BEGIN Source data
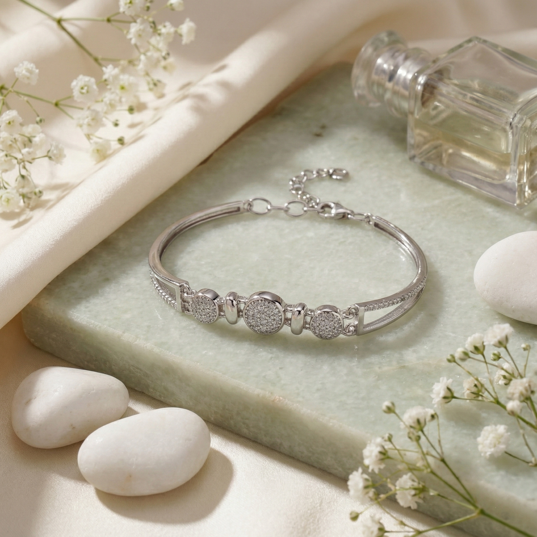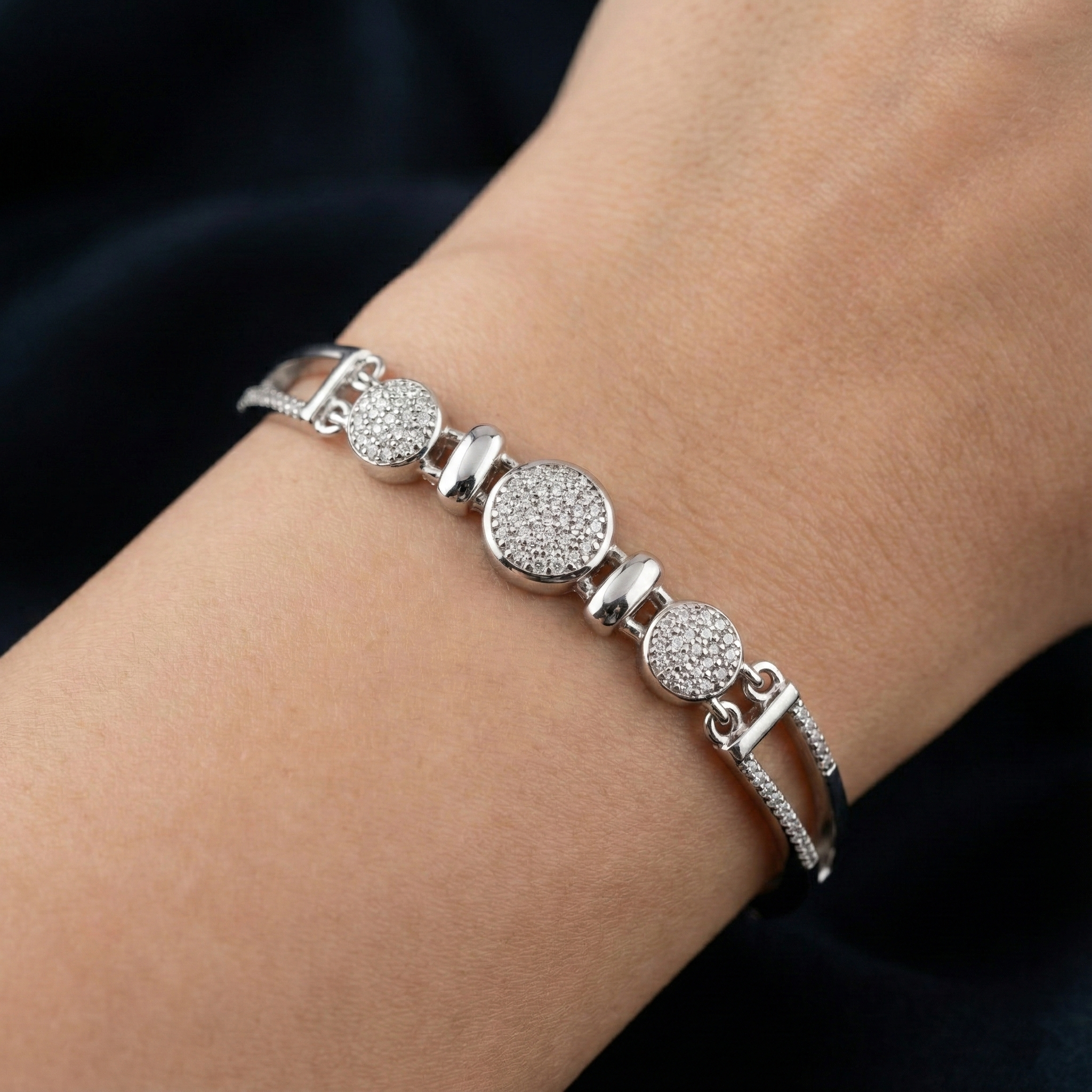 Elevate your wrist with this refined sterling silver bracelet, where contemporary geometry meets timeless elegance. Crafted from 925 sterling silver, each link features intricate pave cubic zirconia detailing that catches light beautifully, complemented by polished accents for a sophisticated finish. The adjustable fit ensures comfort for any occasion, from everyday wear to special events. A versatile piece that seamlessly transitions between casual and formal settings, this bracelet makes a striking statement while maintaining understated luxury.
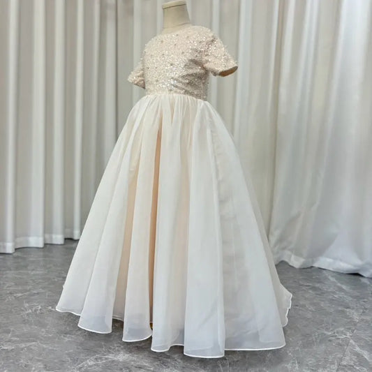 Elegant Beige Girl Dresses with Headgear Party Gown J104
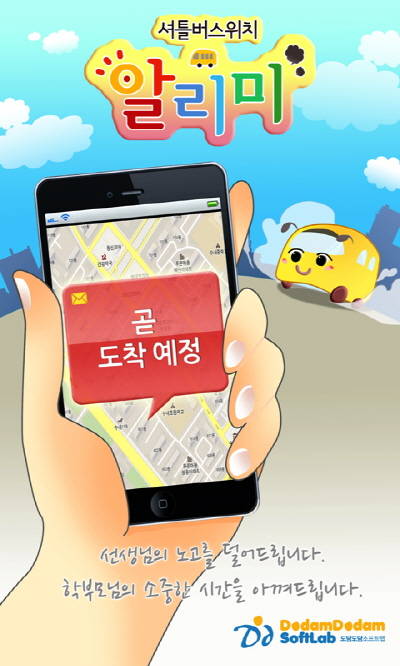 ‘셔틀버스위치 알리미’의 서비스 이용은 무척 단순하다. 회사 홈페이지(www.ddsoftlab.com)에 회원가입하지 않고도 앱을 다운받을 수 있고, 설치 후 바로 사용 가능하다.
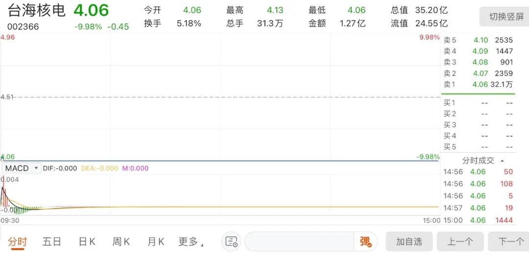 受此消息影响,10月19日,台海核电跌停,报4.06元/股,总市值35.2亿元。
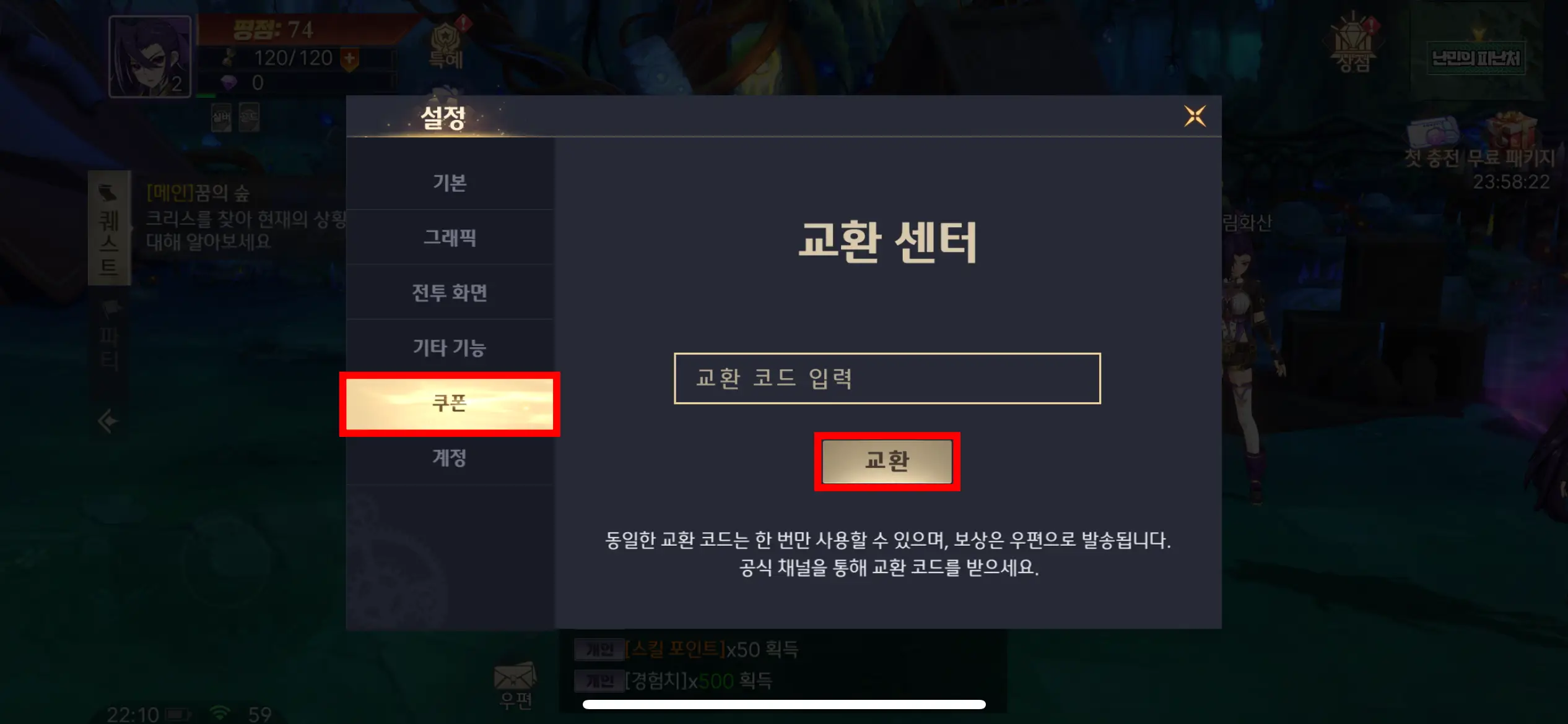 쿠폰 코드를 입력하고 교환을 누르면 됩니다.
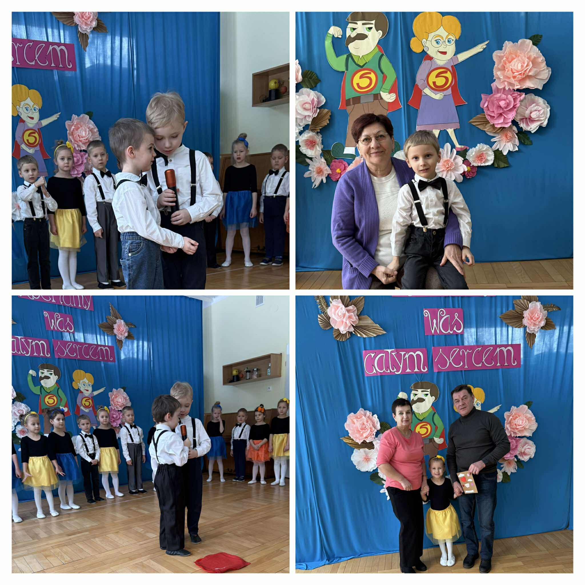 Z okazji Dnia Babci i Dziadka dzieci z grupy „Tropiciele” przygotowały wyjątkowy występ artystyczny. Przedszkolaki z wielkim zaangażowaniem i uśmiechem na buzi recytowały wiersze, śpiewały piosenki oraz zaprezentowały energiczny taniec w rytmie rock and rolla. Nie zabrakło również wspólnego, radosnego odśpiewania tradycyjnego „Sto lat”, które wywołało wiele uśmiechów i wzruszeń wśród zaproszonych gości. Na zakończenie dzieci wręczyły swoim Babciom i Dziadkom własnoręcznie wykonane laurki jako wyraz miłości i wdzięczności. Uroczystość zakończyła się wykonaniem pamiątkowych zdjęć, które na długo pozostaną pięknym wspomnieniem tego wyjątkowego dnia.
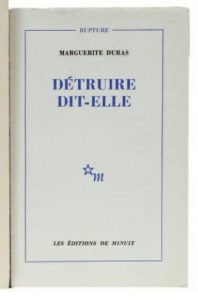DURAS Marguerite : Détruire dit-elle. Editions de minuit Paris 1969. E.O. L’un des 99 ex sur pur fil, seul grand papier. Broché in-12, dos très légèrement frotté –
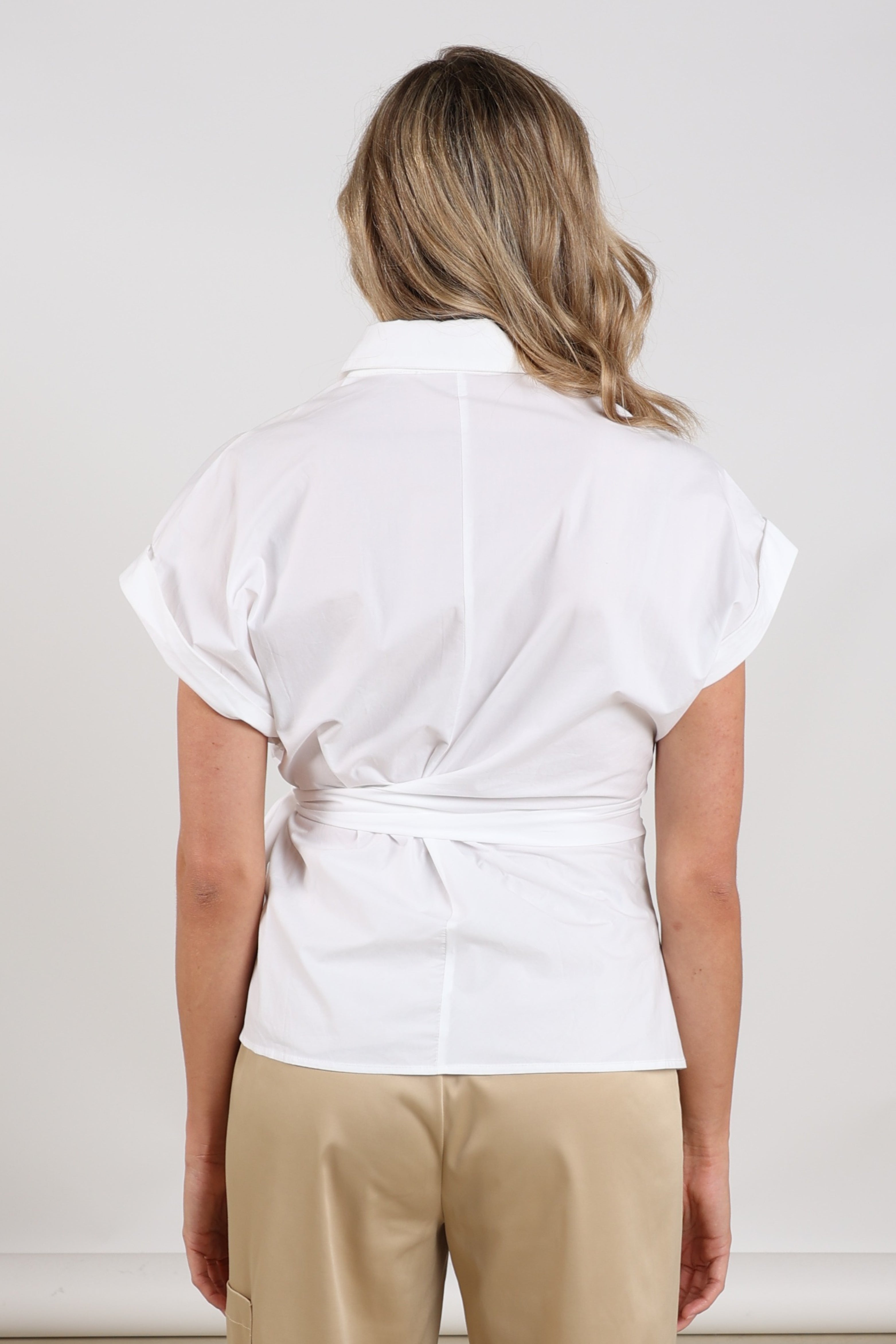 De Blouse Aneta Offwhite van Nukus is een stijlvolle blouse met een moderne overslaglook. Het strikdetail in de taille geeft het item een vrouwelijk silhouet, terwijl de korte mouwen en gladde stof zorgen voor een elegante uitstraling.
END Source data
### What to produce
Please transcribe the material above exactly as written. Leave the pictures out.

### Exercise solution
 Elevate your wrist with this refined sterling silver bracelet, where contemporary geometry meets timeless elegance. Crafted from 925 sterling silver, each link features intricate pave cubic zirconia detailing that catches light beautifully, complemented by polished accents for a sophisticated finish. The adjustable fit ensures comfort for any occasion, from everyday wear to special events. A versatile piece that seamlessly transitions between casual and formal settings, this bracelet makes a striking statement while maintaining understated luxury.
 Elegant Beige Girl Dresses with Headgear Party Gown J104
 ‘셔틀버스위치 알리미’의 서비스 이용은 무척 단순하다. 회사 홈페이지(www.ddsoftlab.com)에 회원가입하지 않고도 앱을 다운받을 수 있고, 설치 후 바로 사용 가능하다.
 受此消息影响,10月19日,台海核电跌停,报4.06元/股,总市值35.2亿元。
 쿠폰 코드를 입력하고 교환을 누르면 됩니다.
 Z okazji Dnia Babci i Dziadka dzieci z grupy „Tropiciele” przygotowały wyjątkowy występ artystyczny. Przedszkolaki z wielkim zaangażowaniem i uśmiechem na buzi recytowały wiersze, śpiewały piosenki oraz zaprezentowały energiczny taniec w rytmie rock and rolla. Nie zabrakło również wspólnego, radosnego odśpiewania tradycyjnego „Sto lat”, które wywołało wiele uśmiechów i wzruszeń wśród zaproszonych gości. Na zakończenie dzieci wręczyły swoim Babciom i Dziadkom własnoręcznie wykonane laurki jako wyraz miłości i wdzięczności. Uroczystość zakończyła się wykonaniem pamiątkowych zdjęć, które na długo pozostaną pięknym wspomnieniem tego wyjątkowego dnia.
DURAS Marguerite : Détruire dit-elle. Editions de minuit Paris 1969. E.O. L’un des 99 ex sur pur fil, seul grand papier. Broché in-12, dos très légèrement frotté –
 De Blouse Aneta Offwhite van Nukus is een stijlvolle blouse met een moderne overslaglook. Het strikdetail in de taille geeft het item een vrouwelijk silhouet, terwijl de korte mouwen en gladde stof zorgen voor een elegante uitstraling.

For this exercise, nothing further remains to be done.